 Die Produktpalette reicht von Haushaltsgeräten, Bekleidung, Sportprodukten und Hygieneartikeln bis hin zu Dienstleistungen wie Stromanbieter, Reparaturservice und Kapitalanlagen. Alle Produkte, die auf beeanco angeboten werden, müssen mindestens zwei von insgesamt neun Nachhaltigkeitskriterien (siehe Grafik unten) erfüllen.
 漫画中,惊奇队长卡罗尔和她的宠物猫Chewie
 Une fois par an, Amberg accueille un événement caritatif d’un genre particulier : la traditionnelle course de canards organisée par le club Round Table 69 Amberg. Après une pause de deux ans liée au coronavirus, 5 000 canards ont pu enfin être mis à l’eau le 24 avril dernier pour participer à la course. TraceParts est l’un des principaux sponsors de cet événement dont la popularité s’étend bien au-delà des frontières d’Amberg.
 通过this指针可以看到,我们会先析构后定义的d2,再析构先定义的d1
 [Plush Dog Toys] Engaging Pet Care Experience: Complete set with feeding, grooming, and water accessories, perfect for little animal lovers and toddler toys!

- - - -

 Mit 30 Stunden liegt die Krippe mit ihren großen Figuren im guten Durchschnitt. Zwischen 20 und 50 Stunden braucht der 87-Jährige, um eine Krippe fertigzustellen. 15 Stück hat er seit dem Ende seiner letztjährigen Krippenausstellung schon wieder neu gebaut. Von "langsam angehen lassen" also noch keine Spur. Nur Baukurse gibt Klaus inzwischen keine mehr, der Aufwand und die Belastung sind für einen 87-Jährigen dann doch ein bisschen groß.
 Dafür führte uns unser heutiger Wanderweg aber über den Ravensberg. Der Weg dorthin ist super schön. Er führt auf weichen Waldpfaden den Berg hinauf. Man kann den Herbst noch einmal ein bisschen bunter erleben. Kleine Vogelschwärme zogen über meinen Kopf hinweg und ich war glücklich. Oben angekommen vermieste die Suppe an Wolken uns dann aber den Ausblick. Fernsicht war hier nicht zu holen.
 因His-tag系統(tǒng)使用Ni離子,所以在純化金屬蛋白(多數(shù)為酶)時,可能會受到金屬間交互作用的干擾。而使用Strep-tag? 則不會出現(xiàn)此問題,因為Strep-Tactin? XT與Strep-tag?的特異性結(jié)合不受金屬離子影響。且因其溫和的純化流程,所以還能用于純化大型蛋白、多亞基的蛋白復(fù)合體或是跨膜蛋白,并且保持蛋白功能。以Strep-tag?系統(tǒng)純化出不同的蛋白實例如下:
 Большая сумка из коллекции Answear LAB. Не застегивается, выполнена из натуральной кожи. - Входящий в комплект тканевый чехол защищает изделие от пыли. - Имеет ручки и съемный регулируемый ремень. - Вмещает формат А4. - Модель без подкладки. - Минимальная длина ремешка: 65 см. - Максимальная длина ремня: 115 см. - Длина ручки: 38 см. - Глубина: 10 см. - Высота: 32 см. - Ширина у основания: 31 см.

- - - -

▸ **PROBLEM DESCRIPTION**:
From the material above, copy exactly the lines between the line holding "Mit 30 Stunden" and the line holding "Dafür führte uns", inclusive, and only those.

▸ **RESPONSE BELOW**:
 Mit 30 Stunden liegt die Krippe mit ihren großen Figuren im guten Durchschnitt. Zwischen 20 und 50 Stunden braucht der 87-Jährige, um eine Krippe fertigzustellen. 15 Stück hat er seit dem Ende seiner letztjährigen Krippenausstellung schon wieder neu gebaut. Von "langsam angehen lassen" also noch keine Spur. Nur Baukurse gibt Klaus inzwischen keine mehr, der Aufwand und die Belastung sind für einen 87-Jährigen dann doch ein bisschen groß.
 Dafür führte uns unser heutiger Wanderweg aber über den Ravensberg. Der Weg dorthin ist super schön. Er führt auf weichen Waldpfaden den Berg hinauf. Man kann den Herbst noch einmal ein bisschen bunter erleben. Kleine Vogelschwärme zogen über meinen Kopf hinweg und ich war glücklich. Oben angekommen vermieste die Suppe an Wolken uns dann aber den Ausblick. Fernsicht war hier nicht zu holen.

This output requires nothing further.